§ **Instructions to follow**
In the entries below, find the line with "Over the last" and the line with "Asino con basto"; copy them and every line between them exactly, but not the pictures.

[Opening Dataset excerpts section]

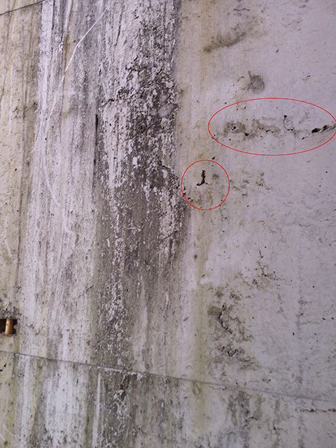ในส่วนของโครงสร้างผนังชั้นล่างเป็นแบบหล่อในที่ เท่าที่ดูเจอรูโหว่อยู่หลายจุด แถมคราบน้ำตามผนัง แบบนี้จะมีผลเสียในระยะยาวไหมครบ เรื่องความแข็งแรง
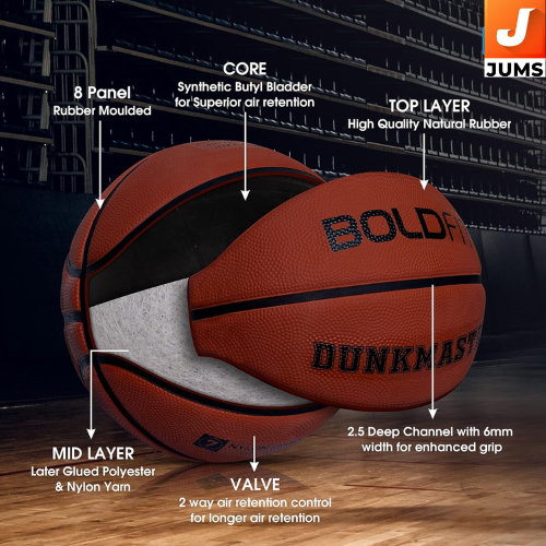Brand: Boldfit Type: Professional Basketball / Training & Match Ball Size: Size 7 (standard adult basketball size) Usage: Indoor & Outdoor training, matches, casual play
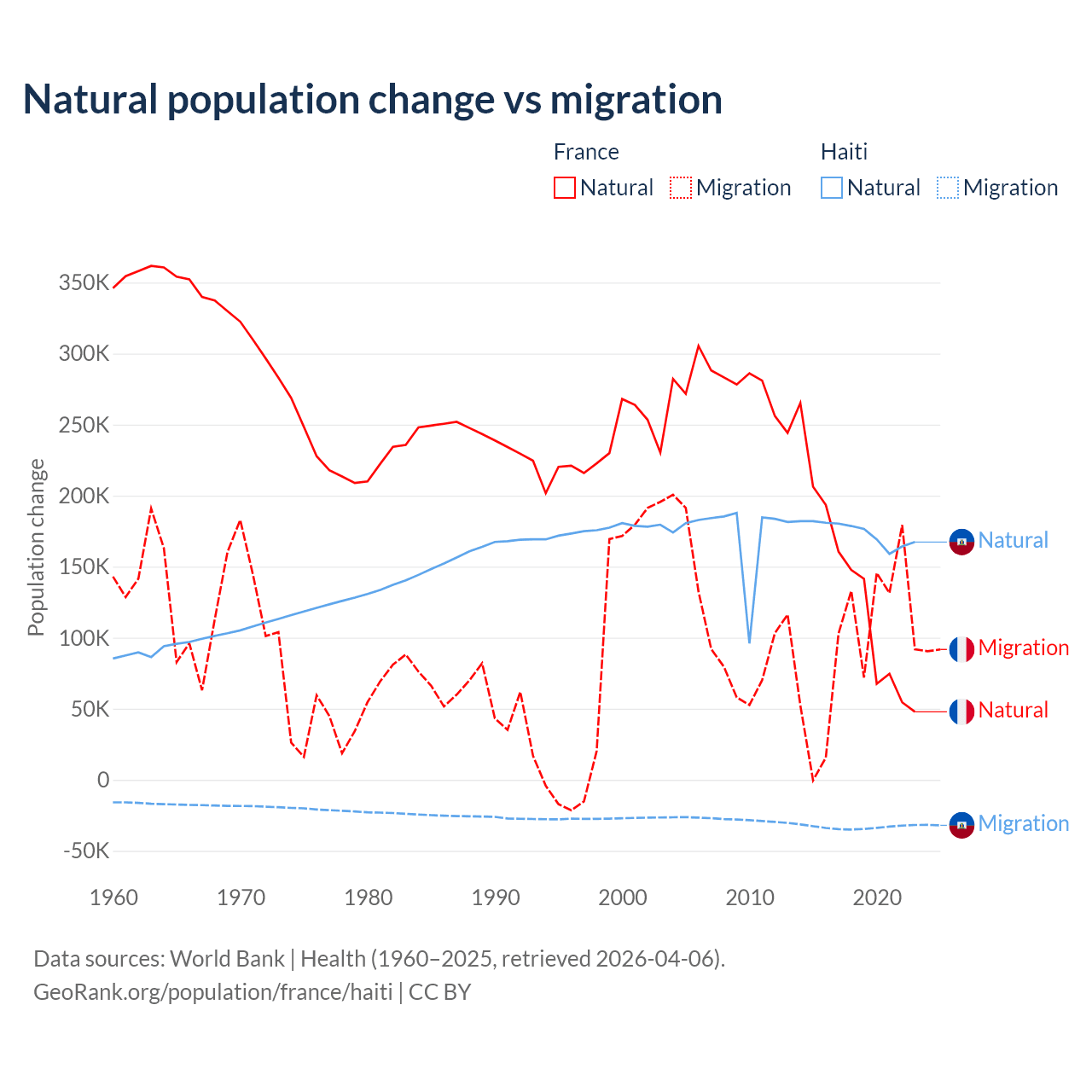 Over the last 10 years, 59.5% of the population change in France is from natural causes (a gain of 1,359,540 people) and 40.5% is from migration (a gain of 923,723 people). In Haiti 83.9% is from natural causes (a gain of 1,740,319 people) and 16.1% is from migration (a loss of 333,076 people).
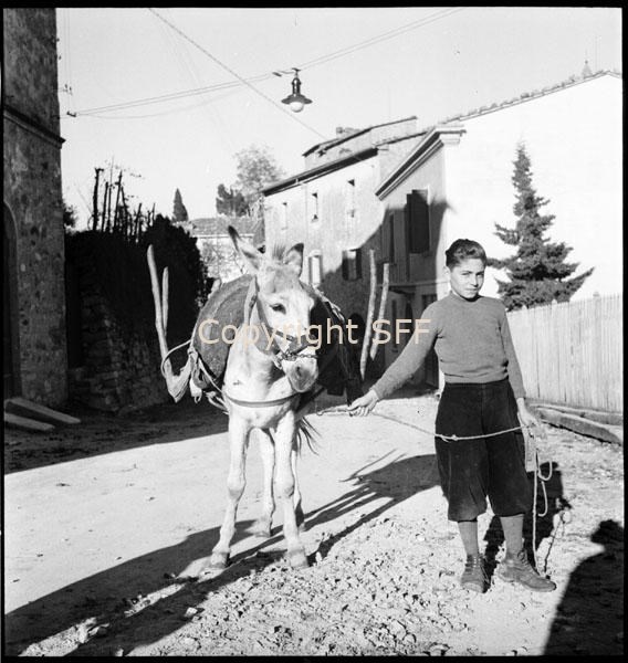 Asino con basto e uncini di legno utilizzati per il trasporto di diversi materiali; a fianco: ritratto di ragazzo che conduce l'asino
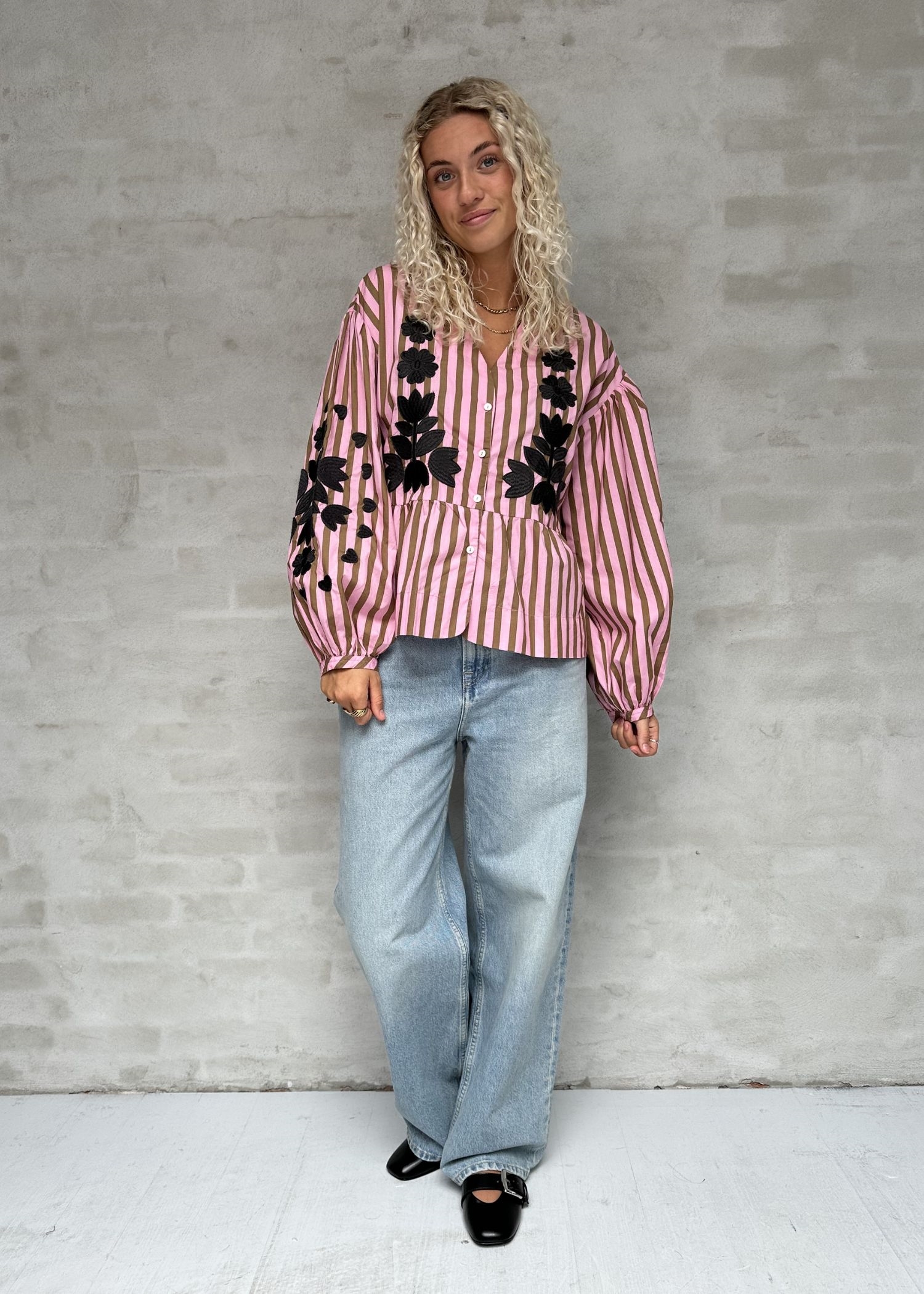 Rikke Top fra Sissel Edelbo er en løs, feminin top lavet af 100% økologisk bomulds-poplin. Toppen har dropped shoulders og brede ballonærmer med elastik ved ærmeåbningerne. Den har en V-udskæring og kan lukkes med rhinsten-knapper. Toppen er fint dekoreret med voluminøst broderi i en kontrastfarve. Broderiet er placeret på brystet og på ydersiden af ærmerne.

[Closing Dataset excerpts section]

§ **Task response**
 Over the last 10 years, 59.5% of the population change in France is from natural causes (a gain of 1,359,540 people) and 40.5% is from migration (a gain of 923,723 people). In Haiti 83.9% is from natural causes (a gain of 1,740,319 people) and 16.1% is from migration (a loss of 333,076 people).
 Asino con basto e uncini di legno utilizzati per il trasporto di diversi materiali; a fianco: ritratto di ragazzo che conduce l'asino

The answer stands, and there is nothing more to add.